*PROVIDED RECORDS:*
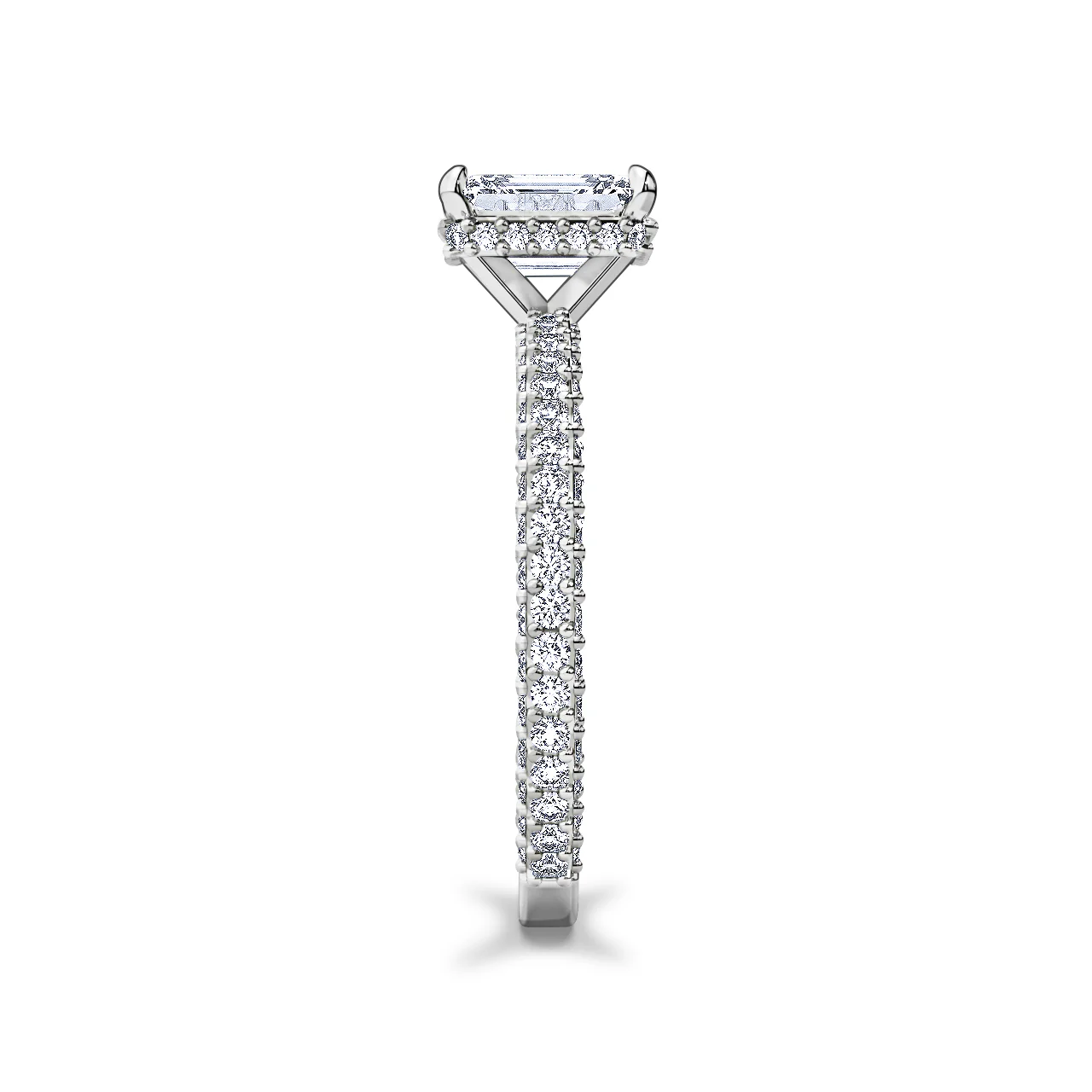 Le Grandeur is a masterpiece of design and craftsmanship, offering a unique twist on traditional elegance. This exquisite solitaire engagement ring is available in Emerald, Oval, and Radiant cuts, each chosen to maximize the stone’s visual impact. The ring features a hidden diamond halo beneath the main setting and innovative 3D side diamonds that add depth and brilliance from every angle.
...
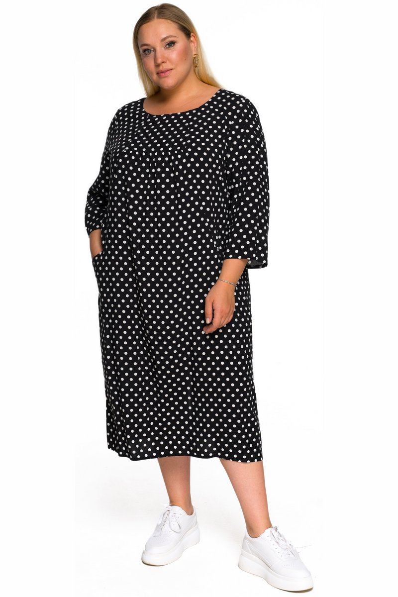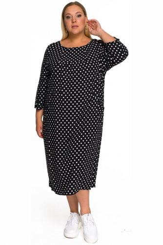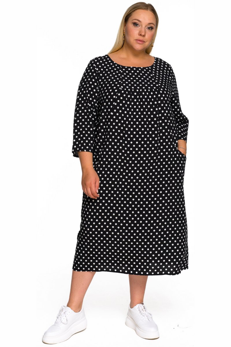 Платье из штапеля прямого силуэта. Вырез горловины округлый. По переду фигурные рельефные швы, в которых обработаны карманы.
---
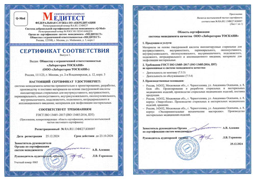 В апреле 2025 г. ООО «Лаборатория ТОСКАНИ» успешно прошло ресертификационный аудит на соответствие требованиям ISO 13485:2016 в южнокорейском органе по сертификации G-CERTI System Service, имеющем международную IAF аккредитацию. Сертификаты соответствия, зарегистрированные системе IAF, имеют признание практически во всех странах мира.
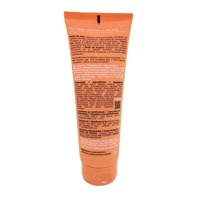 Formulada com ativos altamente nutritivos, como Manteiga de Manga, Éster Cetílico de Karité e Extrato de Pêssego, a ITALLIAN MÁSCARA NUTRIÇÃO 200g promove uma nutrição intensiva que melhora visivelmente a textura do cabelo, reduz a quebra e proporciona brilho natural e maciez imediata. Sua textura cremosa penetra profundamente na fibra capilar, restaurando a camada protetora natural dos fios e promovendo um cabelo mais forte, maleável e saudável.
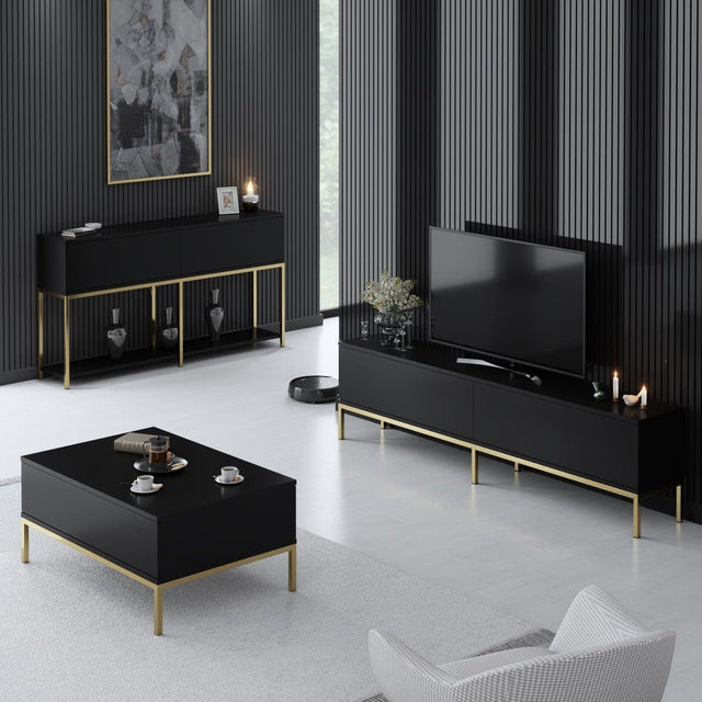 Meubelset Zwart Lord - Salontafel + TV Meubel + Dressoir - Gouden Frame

*WHAT TO DO:* Starting at the line with "В апреле 2025" in the entries above, write out every line exactly until the line with "Meubelset Zwart Lord" has been written. Include no pictures and nothing more.

*RESPONSE TO THIS TASK:*
 В апреле 2025 г. ООО «Лаборатория ТОСКАНИ» успешно прошло ресертификационный аудит на соответствие требованиям ISO 13485:2016 в южнокорейском органе по сертификации G-CERTI System Service, имеющем международную IAF аккредитацию. Сертификаты соответствия, зарегистрированные системе IAF, имеют признание практически во всех странах мира.
 Formulada com ativos altamente nutritivos, como Manteiga de Manga, Éster Cetílico de Karité e Extrato de Pêssego, a ITALLIAN MÁSCARA NUTRIÇÃO 200g promove uma nutrição intensiva que melhora visivelmente a textura do cabelo, reduz a quebra e proporciona brilho natural e maciez imediata. Sua textura cremosa penetra profundamente na fibra capilar, restaurando a camada protetora natural dos fios e promovendo um cabelo mais forte, maleável e saudável.
 Meubelset Zwart Lord - Salontafel + TV Meubel + Dressoir - Gouden Frame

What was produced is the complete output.